**TASK DETAILS**
What is needed is an exact reproduction of the lines in the records below, starting at the line with "In Bussum hielp" and ending at the line with "FAIRE DE LA", both included, and nothing else; pictures stay out.

Records from a data source:
┌────────

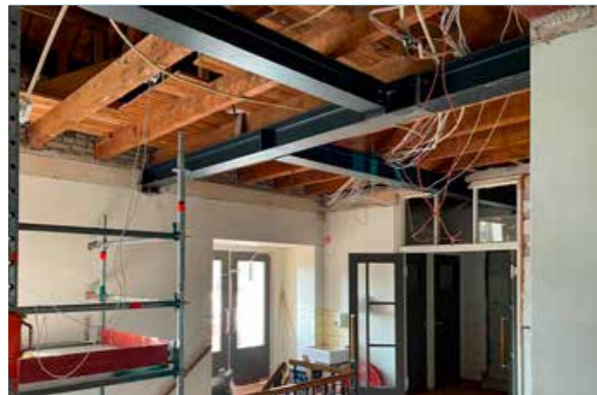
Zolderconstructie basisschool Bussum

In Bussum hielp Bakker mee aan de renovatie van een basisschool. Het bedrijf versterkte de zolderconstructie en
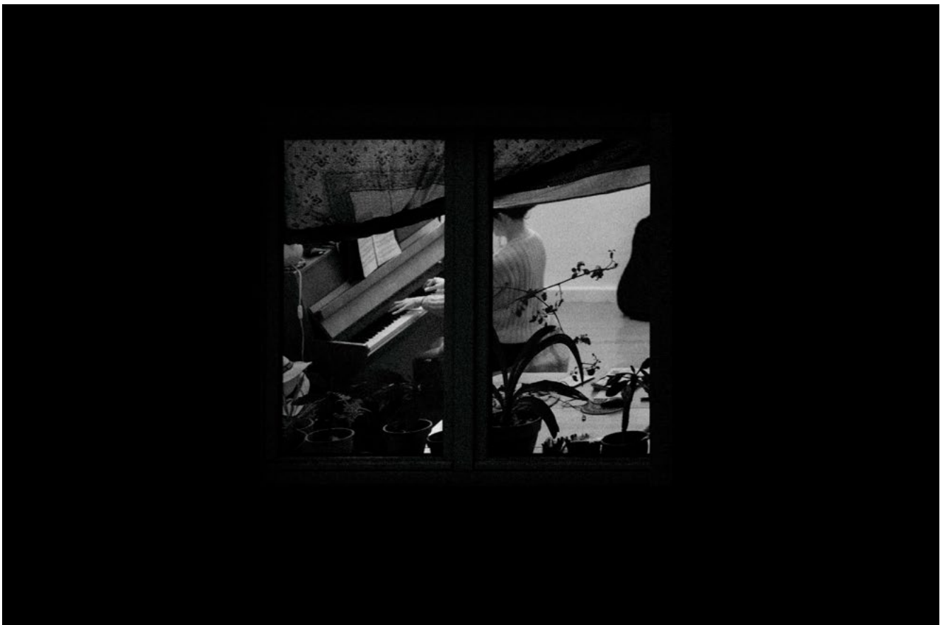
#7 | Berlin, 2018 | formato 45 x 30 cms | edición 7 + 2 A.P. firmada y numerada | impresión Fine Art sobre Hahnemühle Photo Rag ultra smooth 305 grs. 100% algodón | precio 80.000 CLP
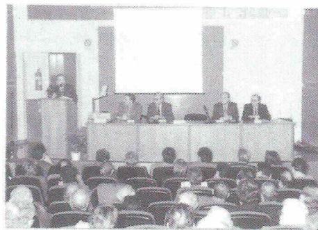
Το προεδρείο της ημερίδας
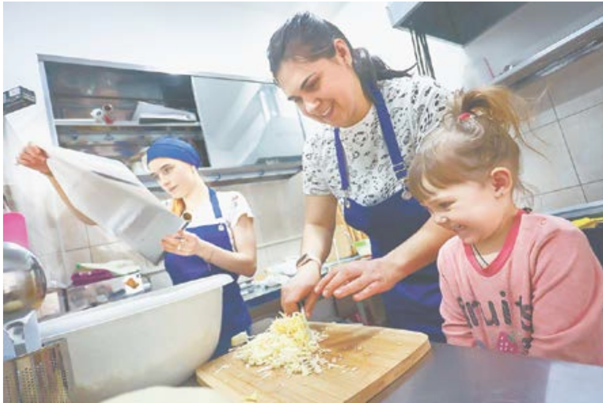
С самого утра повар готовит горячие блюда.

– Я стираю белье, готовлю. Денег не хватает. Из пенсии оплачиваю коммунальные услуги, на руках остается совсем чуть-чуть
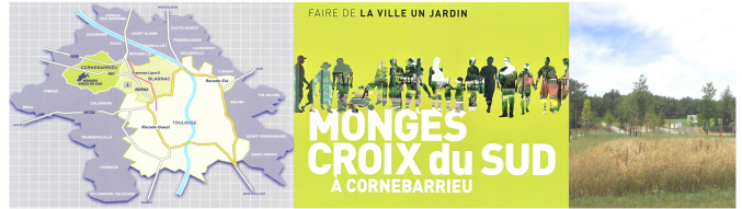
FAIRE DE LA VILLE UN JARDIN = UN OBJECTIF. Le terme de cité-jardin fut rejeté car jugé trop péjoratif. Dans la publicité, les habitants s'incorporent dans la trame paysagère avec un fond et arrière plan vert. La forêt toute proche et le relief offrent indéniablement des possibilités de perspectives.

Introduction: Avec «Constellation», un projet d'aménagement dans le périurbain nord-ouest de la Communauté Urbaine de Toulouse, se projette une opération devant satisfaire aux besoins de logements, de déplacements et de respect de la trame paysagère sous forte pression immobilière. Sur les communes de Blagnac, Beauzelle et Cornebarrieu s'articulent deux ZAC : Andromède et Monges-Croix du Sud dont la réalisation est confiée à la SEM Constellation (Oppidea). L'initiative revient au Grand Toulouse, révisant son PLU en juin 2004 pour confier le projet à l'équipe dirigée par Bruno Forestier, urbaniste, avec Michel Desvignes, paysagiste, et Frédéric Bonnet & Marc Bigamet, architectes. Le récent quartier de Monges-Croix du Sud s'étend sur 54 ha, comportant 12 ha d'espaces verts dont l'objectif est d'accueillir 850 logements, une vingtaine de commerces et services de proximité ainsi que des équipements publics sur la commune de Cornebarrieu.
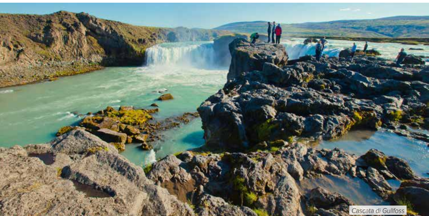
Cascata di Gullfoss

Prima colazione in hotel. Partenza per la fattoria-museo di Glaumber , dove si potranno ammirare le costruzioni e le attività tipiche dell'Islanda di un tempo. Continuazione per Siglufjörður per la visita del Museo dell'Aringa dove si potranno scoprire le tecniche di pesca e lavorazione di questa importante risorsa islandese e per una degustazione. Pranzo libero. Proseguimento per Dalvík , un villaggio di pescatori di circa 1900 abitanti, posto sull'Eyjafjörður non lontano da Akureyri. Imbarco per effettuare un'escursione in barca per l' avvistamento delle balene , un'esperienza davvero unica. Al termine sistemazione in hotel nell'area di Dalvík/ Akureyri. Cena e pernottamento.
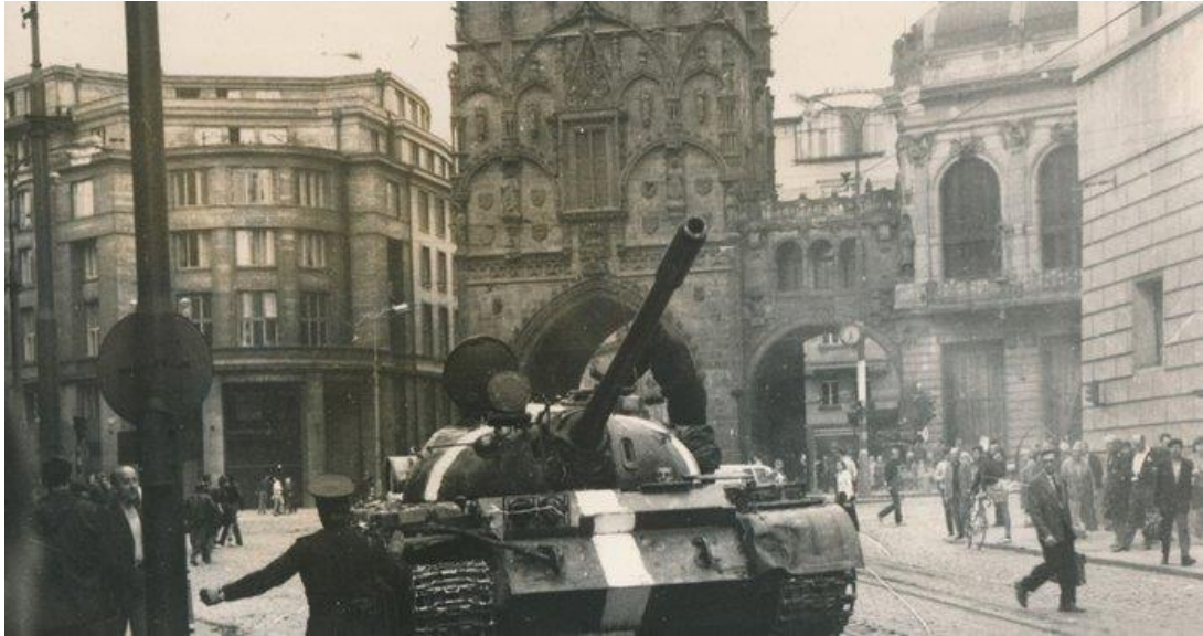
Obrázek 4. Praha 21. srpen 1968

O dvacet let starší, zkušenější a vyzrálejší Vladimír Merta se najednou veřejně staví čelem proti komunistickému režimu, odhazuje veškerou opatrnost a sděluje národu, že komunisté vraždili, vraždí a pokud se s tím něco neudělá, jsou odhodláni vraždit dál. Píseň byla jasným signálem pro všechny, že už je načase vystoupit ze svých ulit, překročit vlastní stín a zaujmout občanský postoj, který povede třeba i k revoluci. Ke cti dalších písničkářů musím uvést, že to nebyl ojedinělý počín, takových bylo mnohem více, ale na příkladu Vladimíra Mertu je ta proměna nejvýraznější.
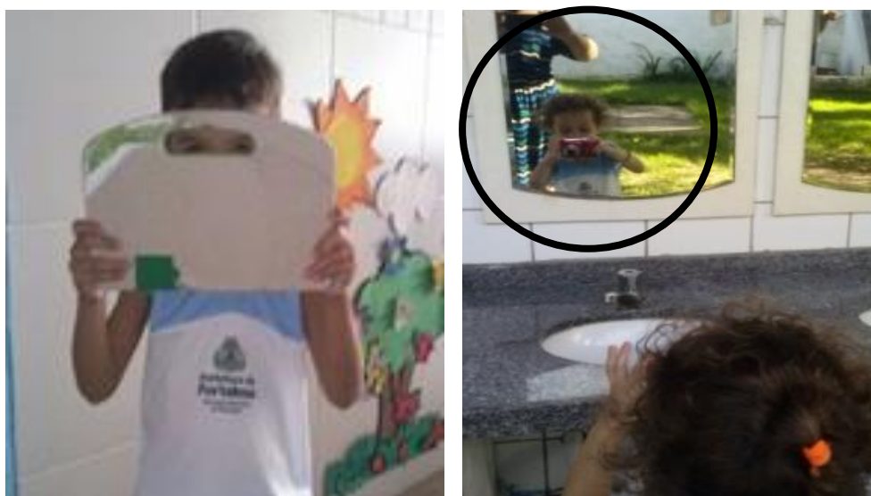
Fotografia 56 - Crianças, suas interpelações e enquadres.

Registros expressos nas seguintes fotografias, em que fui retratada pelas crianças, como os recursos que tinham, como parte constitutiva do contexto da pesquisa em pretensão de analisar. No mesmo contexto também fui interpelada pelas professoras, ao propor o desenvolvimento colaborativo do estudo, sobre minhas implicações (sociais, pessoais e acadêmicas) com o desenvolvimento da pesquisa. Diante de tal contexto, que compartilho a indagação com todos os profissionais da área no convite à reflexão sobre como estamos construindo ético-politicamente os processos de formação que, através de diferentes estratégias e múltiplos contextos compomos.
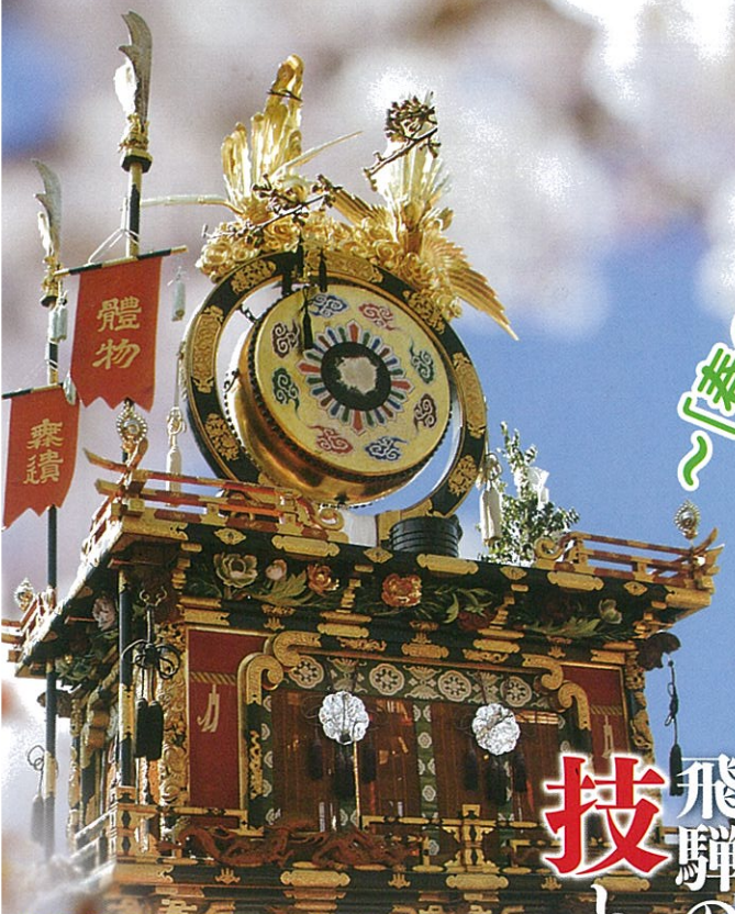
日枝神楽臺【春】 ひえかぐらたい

└────────

**YOUR RESPONSE**
In Bussum hielp Bakker mee aan de renovatie van een basisschool. Het bedrijf versterkte de zolderconstructie en
#7 | Berlin, 2018 | formato 45 x 30 cms | edición 7 + 2 A.P. firmada y numerada | impresión Fine Art sobre Hahnemühle Photo Rag ultra smooth 305 grs. 100% algodón | precio 80.000 CLP
Το προεδρείο της ημερίδας
С самого утра повар готовит горячие блюда.

– Я стираю белье, готовлю. Денег не хватает. Из пенсии оплачиваю коммунальные услуги, на руках остается совсем чуть-чуть
FAIRE DE LA VILLE UN JARDIN = UN OBJECTIF. Le terme de cité-jardin fut rejeté car jugé trop péjoratif. Dans la publicité, les habitants s'incorporent dans la trame paysagère avec un fond et arrière plan vert. La forêt toute proche et le relief offrent indéniablement des possibilités de perspectives.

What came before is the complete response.